ACTIVITY: Whenever a line in the records below contains "held", pick it out.

** RECORD EXTRACTS follows **

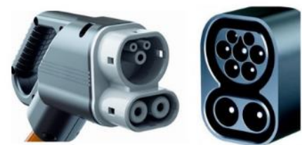
CCS2 charging plug and socket

The BYD Seal is fitted with a CCS2 socket allowing it to charge via Type 2 AC chargers 2 as well as CCS2 DC fast-chargers.
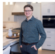
Glenn Adashun Jones, Inc.
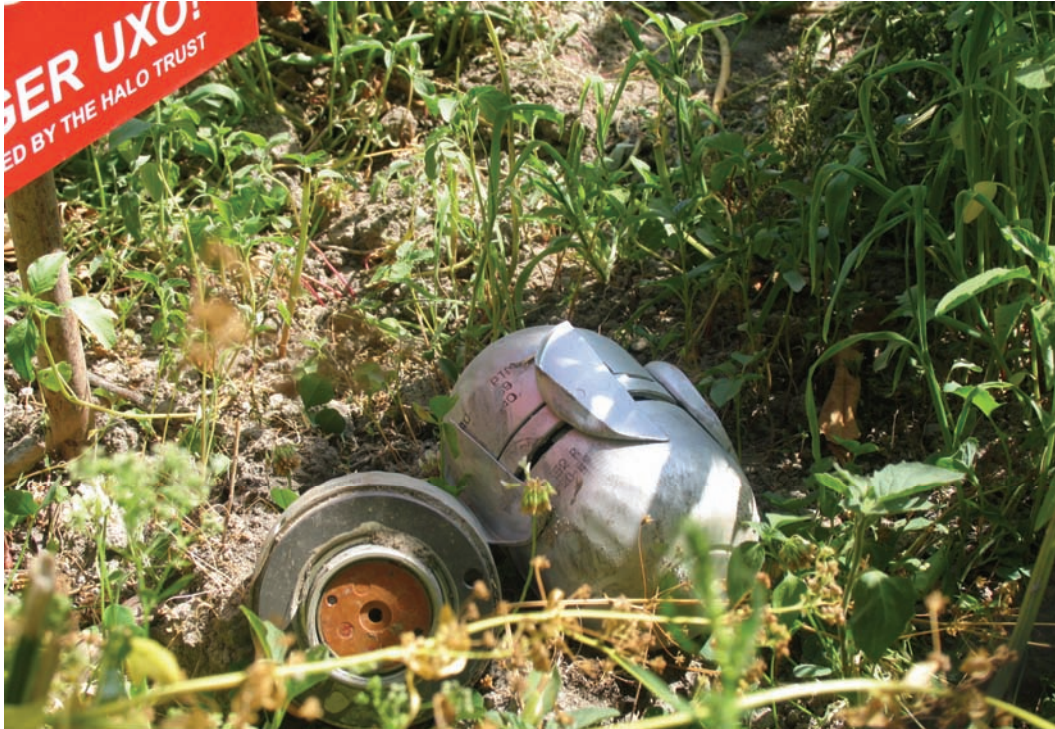
An unexploded Russian AO-2.5 RTM submunition lies near the public square in the center of Variani in August 2008. The submunition, an antipersonnel and anti-materiel weapon, can be carried in RBK-500 and RBK-250 air-dropped cluster munitions.
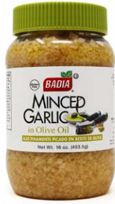
MINCED GARLIC IN OLIVE OIL - 00737 12/16 OZ
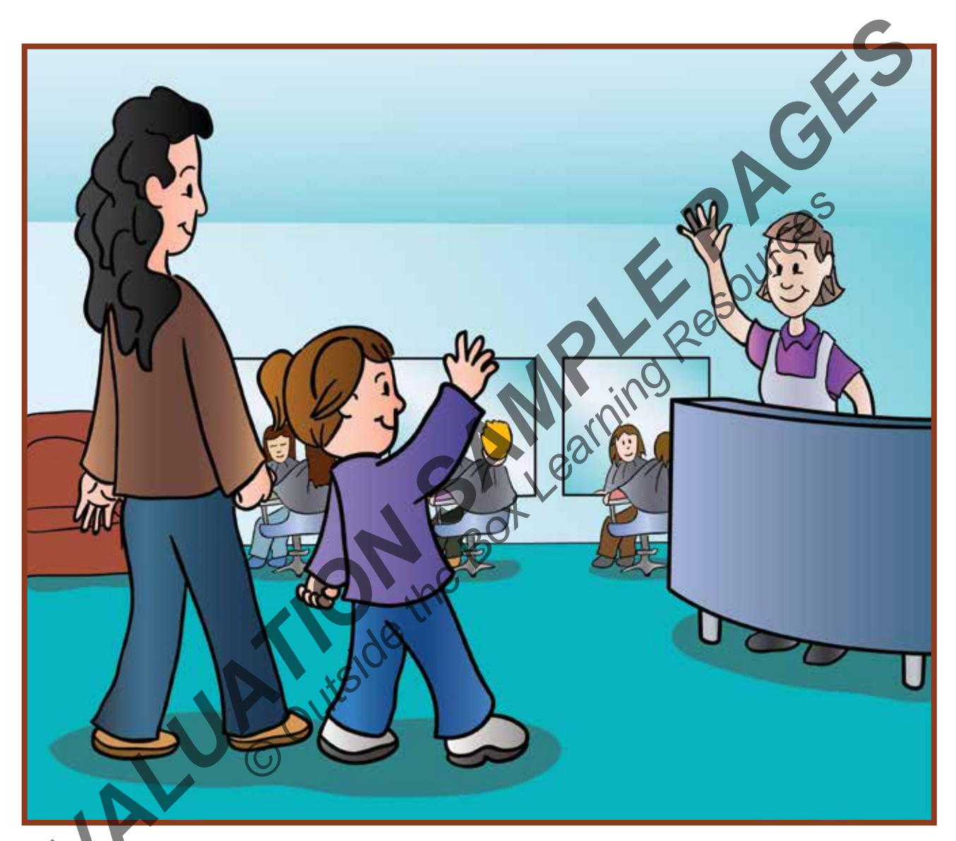
"Hello!" I tell the lady "I'm here."
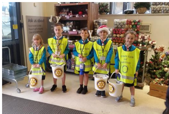
Supporting the Rotary Xmas Collections

Fundraising efforts continue to keep the Group running but particularly to replace the Groups minibus. We are well on our way to meeting our minibus target with grants from the Lottery Fund, Surrey County Council, and local Freemasons and Rotary Clubs. We do need a final push to reach our target so please look out for the dates of the Santa collections in December and other fundraising opportunities coming up soon and get involved.
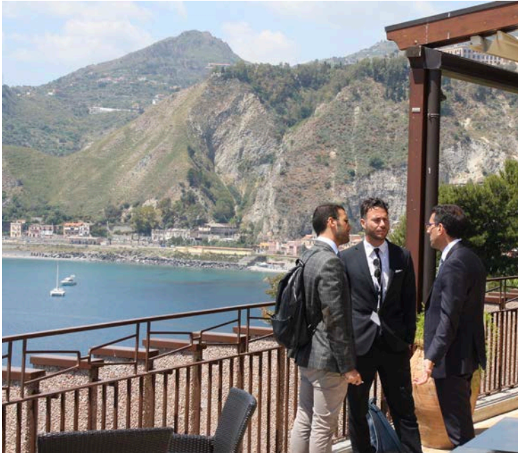
Planning presentation strategies on Day 1 - The coast of Taormina seen from the Atahotel balconv.

This past May 4–6, 2017, the 7th meeting of the International Society for Neurovascular Disease (ISNVD, www.isnvd.org ) was held at the Hotel Capo Taormina (in Taormina, Sicily.)
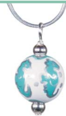
sassy seahorse AMC40720
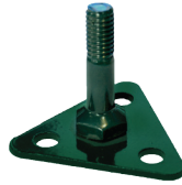
Foot Plate for Wire Shelving
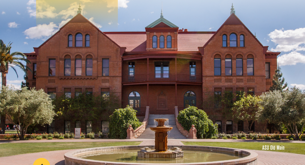
ASU Old Main
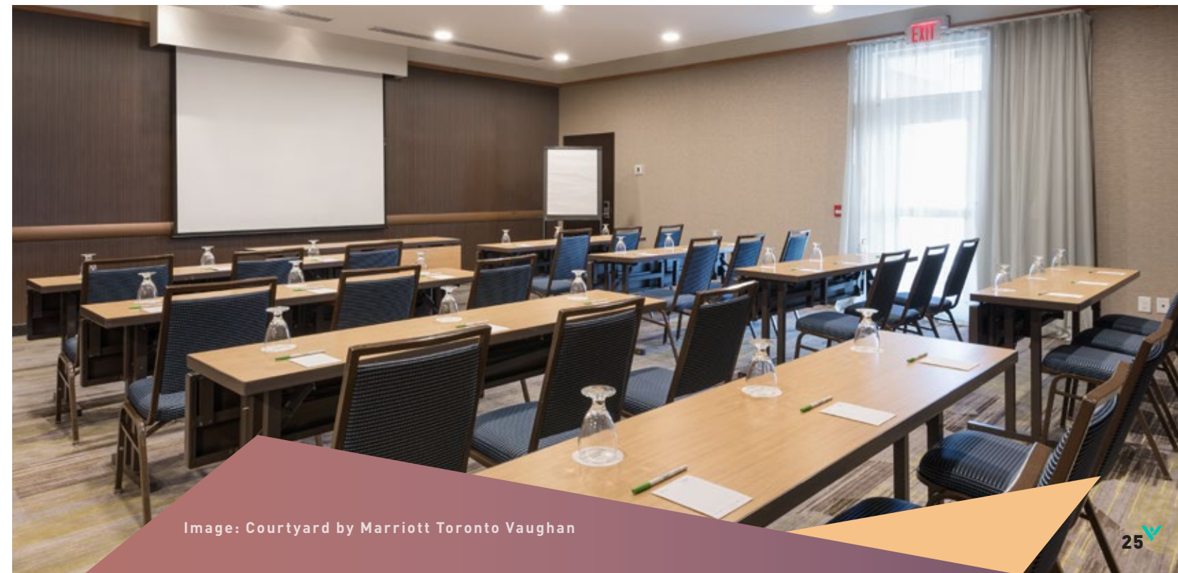
Image: Courtyard by Marriott Toronto Vaughan
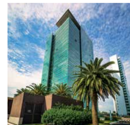
Diamond Tower - RJ
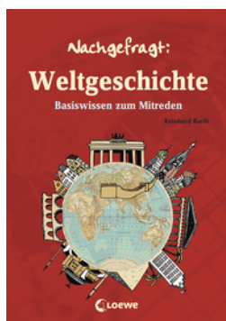
Guide to World History
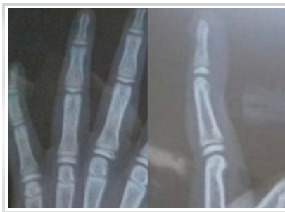
Figure 5: Radiograph at 3 months showing healed physeal injury of ring finger distal phalanx.
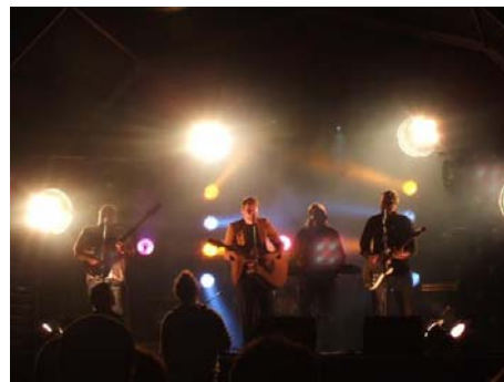
Corkstone – tipped for greatness.

A concert by Warslow Silver Band, with a guest supporting artiste, has been arranged to be held at the Youlgrave Methodist Church on Saturday 1 September at 7.30pm.
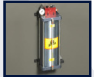
DRY COOLING DEVICE (OPTIONAL)
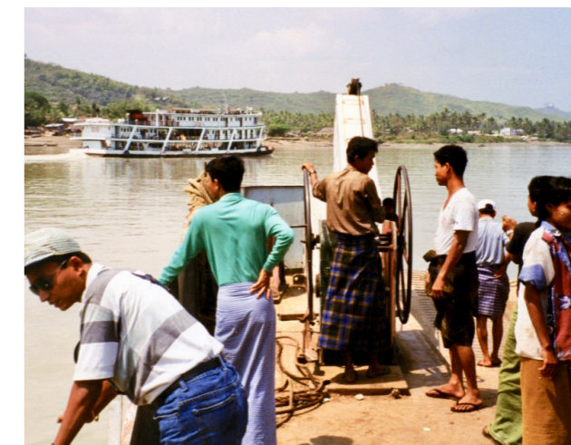
MAWLAMYINE TO MARTABAN FERRY BEFORE CONSTRUCTION OF THANLWIN BRIDGE (MS)

demands in the fields of human rights and politics (“the anti-politics machine” 58 ).
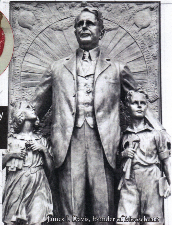
James J. Davis, founder of Mooseheart

Please wear your Donors Circle pin proudly and share the story of Mooseheart & Moosehaven at every opportunity.
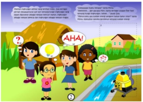
Figure 2. The front page of the lift the flap

Sartono, E.K.E. & Irawati, E. (2019). The effect of child-friendly lift-the-flap story books on the creative thinking ability. International Journal of Educational Research Review, Special Issue, 734-741.
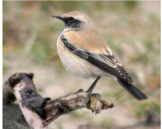
87 Woestijntapuit / Desert Wheatear Oenanthe deserti , mannetje, Stellendam, Zuid-Holland, 5 november 2010 (Anita de Bruijn)
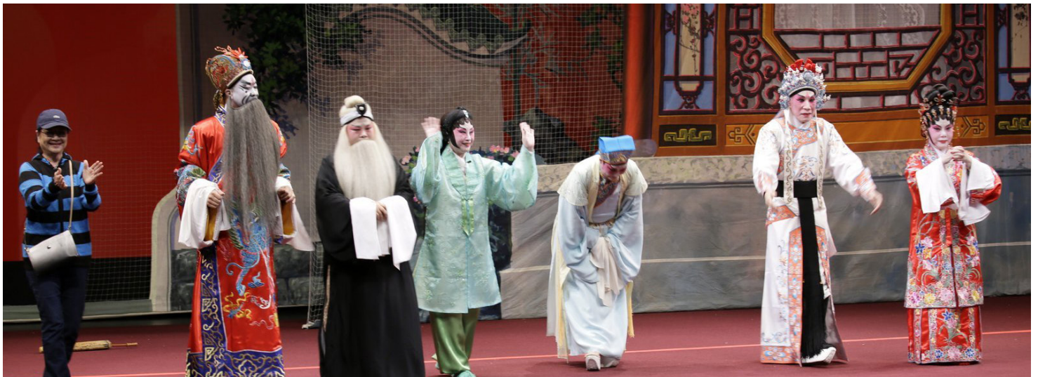
Performers on stage

來賓度過了一個趣味的下午，欣賞到有規模的演出包括歌唱、舞蹈及工架表演。這次活動非常成功，在場人士都贊同是一好享受！
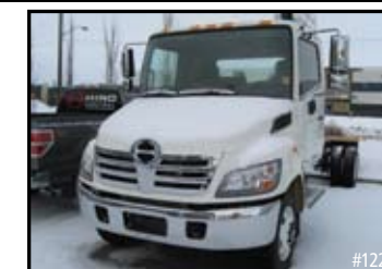
#1220 2010 HINO 185, Limited Edition

260HP, 35,000 lb GVWR, full load, automatic Lease from $1,219*/mo 1 remaining! *60 mo lease $10,000 down O.A.C., $12,840 residual
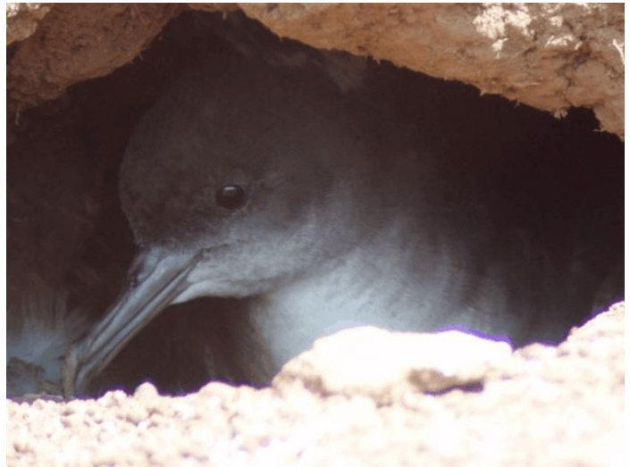
This Wedge-tailed Shearwater was nesting in a burrow right along the walkway at Kīlauea Point.

Our next destination was Hanalei National Wildlife Refuge where our list included Hawaiian Ducks, Black-crowned Night-Herons, Common Moorhens, Black-necked Stilts, and Pacific Golden-Plovers. A stop at Haena State Park yielded hundreds of Black Noddies, yet another life bird. Near Hanalei we spotted a Western Meadowlark. On our way back to the motel we stopped in Kapa'a for dinner at the Wahoo Seafood Bar and Grill; we voted this the best meal of the trip. Tomorrow we would drive back to Lihū'e to fly to the Big Island.
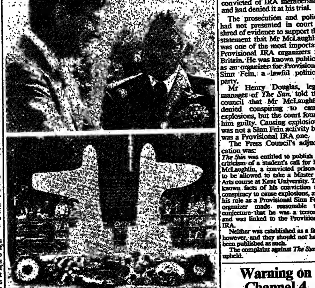
Duke's memorial visit The Duke of Gloucester unveiled a memorial to Second World War airmen at King's Cliffe airfield, near Peterborough, yesterday.

Six polytechnics will be rewarded with more money and extra students at the start of the 1984 academic year but three; the City of London Polytechnic, the Central London Polytechnic and Oxford, will lose out badly.
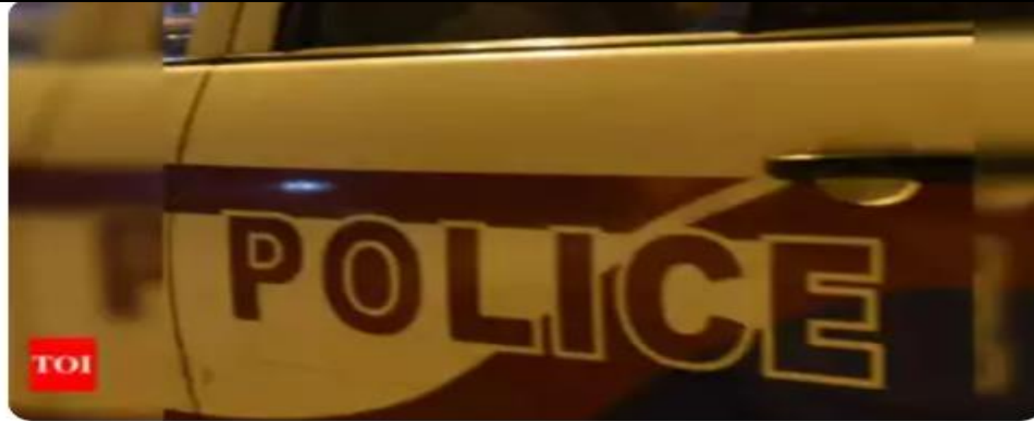
Image used for representational purpose only

MUMBAI: A 21-year-old diploma in pharmacy student allegedly died by suicide at her Nalasopara home on Friday and has named five building residents, including a 20-year-old male friend and three minor sisters aged 7, 10 and 17 in her note.
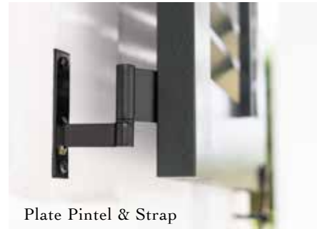
Plate Pintel & Strap
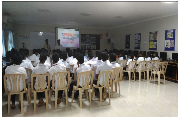
DEMO PROGRAMME - "SOFTWARE COURSE"
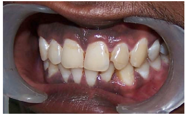
Fig. (11). Post-operative.

A 27 year-old male patient presented to the Faculty of Dental Sciences, BHU, Varanasi, with a chief complaint of a swelling on the gums at the lower front region of the jaw lasting 3 months (Fig. 9). On clinical examination, a localized gingival swelling of 2cm X 1cm in size with clear signs
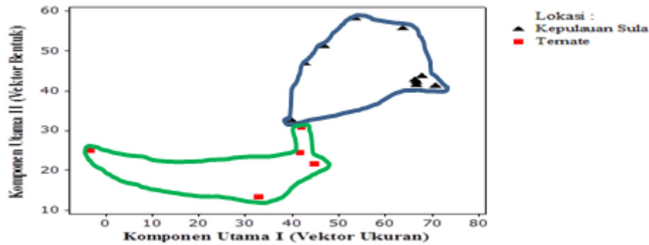
Figure 3: Diagram of the size and body shape of Walula Sula and Walik Tanah Ternate

These results show that both bird species, in terms of morphometrics, just have a number of similar components. The diagram above shows that in terms of shape vector and size vector, walik sula ( Ptilinopus mangoliensis ) is larger than walik tanah ternate ( C. indica ), which is thought to be influenced by not only genetic factors but also feeding habits, where walik terrestrial food was constantly disturbed by humans and land predators.
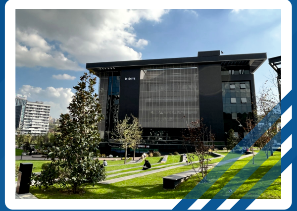
VADI İSTANBUL CAMPUS
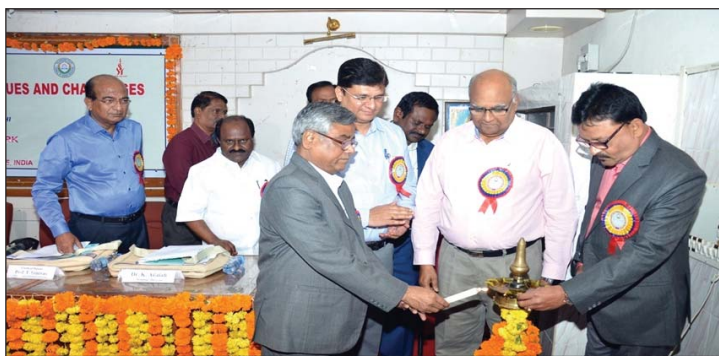
National Seminar in Sociology & Social Work

** End of RECORD EXTRACTS **

SOLUTION TO THE EXERCISE:
This past May 4–6, 2017, the 7th meeting of the International Society for Neurovascular Disease (ISNVD, www.isnvd.org ) was held at the Hotel Capo Taormina (in Taormina, Sicily.)
A concert by Warslow Silver Band, with a guest supporting artiste, has been arranged to be held at the Youlgrave Methodist Church on Saturday 1 September at 7.30pm.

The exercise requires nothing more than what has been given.